Summary of the impact

Research carried out at Birkbeck's Department of Computer Science and Information Systems since 2000 has produced techniques for the management and integration of complex, heterogeneous life sciences data not previously possible with large-scale life sciences data repositories. The research has involved members of the department and researchers from the European Bioinformatics Institute (EBI) and University College London (UCL) and has led to the creation of several resources providing information about genes and proteins. These resources include the BioMap data warehouse, which integrated the CATH database — holding a classification of proteins into families according to their structure, the Gene3D database — holding information about protein sequences, and other related information on protein families, structures and the functions of proteins such as enzymes. These resources are heavily utilised by companies worldwide to explore relationships between protein structure and protein function and to aid in drug design.

Underpinning research

The common theme in the research underpinning this case study has been the development of techniques to support the integration, maintenance, analysis and mining of distributed, highly heterogeneous, large-scale resources holding life sciences data. (See http://www.ebi.ac.uk/luscombe/docs/imia_review.pdf for an overview of the computational issues arising in the life sciences and the common terminology used.)

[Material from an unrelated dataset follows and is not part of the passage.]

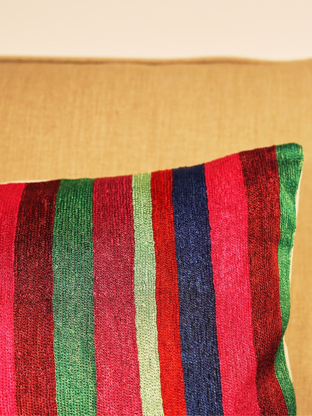 An elegant cushion cover with modern stripe pattern hand-embroidered by our talented artisans. The base material is a mill dyed cotton fabric called Dusooti. Silk threads are used to make chainstitches that create floral motifs. Crafted with love and detail exclusively for your space to stand out from rest. All Chaar Chinar products are handcrafted with love. No two products will be exact replicas as variations are natural to the handcrafting process.

The CATH classification of protein structures aims to aid the prediction of the molecular functions of proteins by identifying structurally similar proteins that are likely to be also functionally similar. A first version of CATH was developed in the 1990s by Professors Christine Orengo and Janet Thornton at UCL's Department of Biochemistry and Molecular Biology, but the initial file-based system used to hold the data limited the ability to integrate related data on protein sequences, families and functions. This initial problem led to research in 2000-2001 at Birkbeck that investigated techniques to enable the integration of data on the evolution, structure and functions of proteins with protein sequence data in order to improve understanding of the molecular nature of disease. Birkbeck staff Nigel Martin and Roger Johnson worked in collaboration with Prof. Orengo from UCL. A flexible graph-oriented approach was developed to enable the integration of protein sequence data with related data about protein structures, protein functions, and taxonomic data such as classifications of the terms used to describe protein functions. The approach was based on a graph representation of the relationships between entities through meta-level tables, with application-independent semantics, together with an application-dependent base table level, a materialized view level for query performance enhancement, and a further application-dependent view level enabling applications to access the integrated data in ways best suited to their data analysis requirements. This graph-oriented approach was used to develop a relational database for holding the CATH classification of protein structures [1].

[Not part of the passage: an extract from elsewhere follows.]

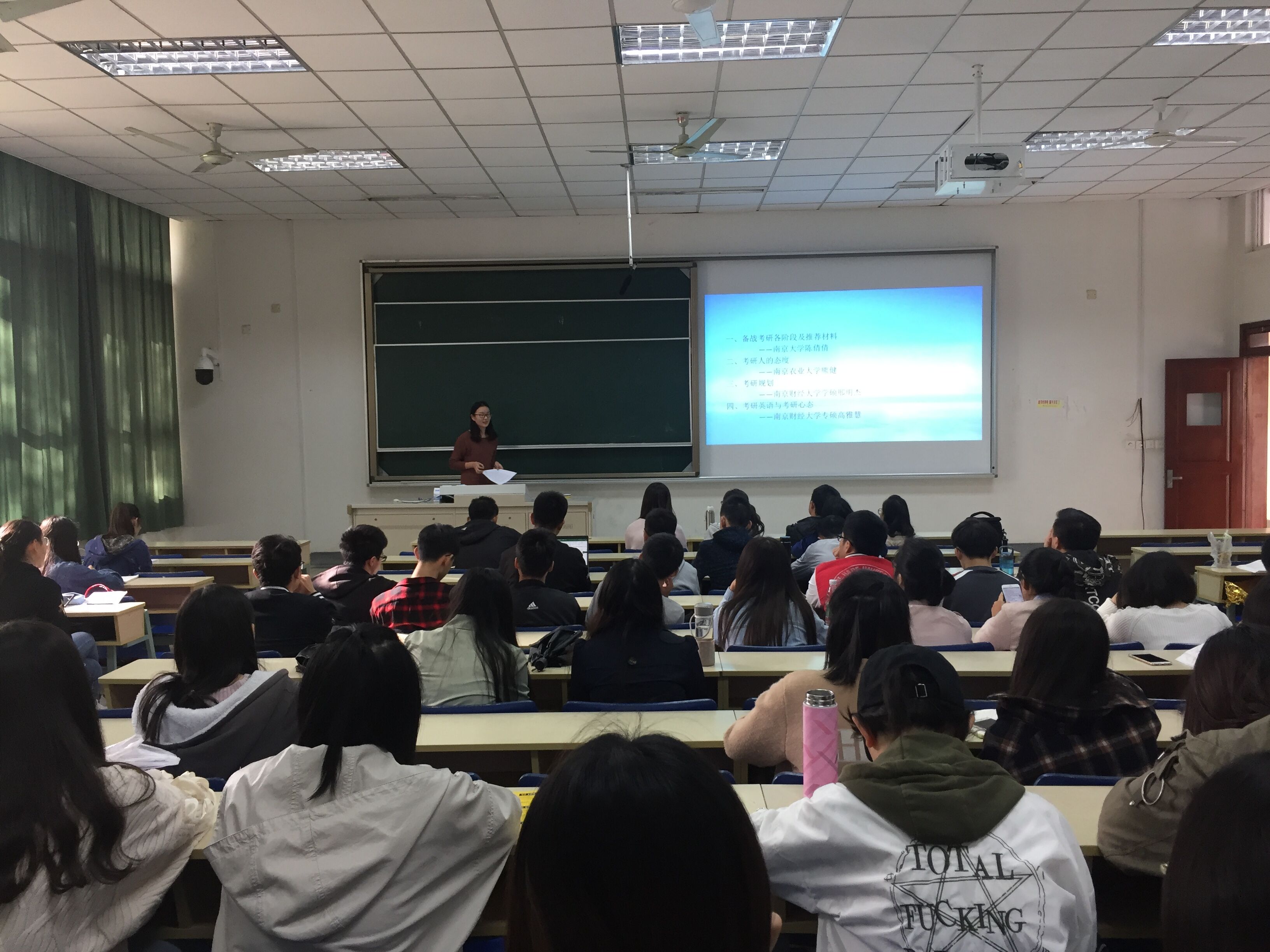 来自南京大学的陈倩倩学姐为同学们推荐了考研的参考材料并介绍考研方法。南京农业大学的熊健学长讲述了他考研胜利的秘诀:努力。直播性爱 的学硕刑明杰学姐介绍了如何选取学校和专业。直播性爱 专硕的高雅慧学姐,她从考研英语与考研心态两方面向在座的同学们分享了她的考研经验。

A further problem arose from the increasing quantity and complexity of life sciences data being generated from genome sequencing projects and technologies allowing scientists to generate their own data, for example gene expression data measuring the activity of individual genes. This data was typically stored in independent repositories which needed to be integrated in order to support the analysis and mining of their combined information. Integrating such repositories gives rise to two significant problems. First, the data to be integrated is often highly heterogeneous, with inconsistent identifiers for the same biological entity, making the task of identifying and merging related data a complex one. Second, the repositories from which the integrated data is obtained continue to be updated, so the problem arises of how the integrated repository can be "synchronised" so that it correctly reflects changes to the data in the source repositories. For example, gene sequence data extracted from a primary repository held at a site such as the EBI could be copied to and integrated with the specialised protein structure classification data at UCL, but keeping the UCL integrated data synchronised to reflect updates to the primary EBI repository was a challenging problem. Research undertaken from 2001 to 2007 developed solutions for overcoming these problems. The Birkbeck staff involved were N. Martin, A. Poulovassilis, A.Shepherd (Postdoc February to September 2002), M.Maibaum (Postdoc April 2003 to July 2004), G.Rimon (Postdoc March 2003 to January 2005), E.Sideris (Postdoc December 2005 to July 2007) and H. Fan (PhD student October 2001 to September 2005, and part-time RA October 2004 to December 2005). Our collaborators included Prof. Orengo from UCL and Dr. P. Keller from the EBI.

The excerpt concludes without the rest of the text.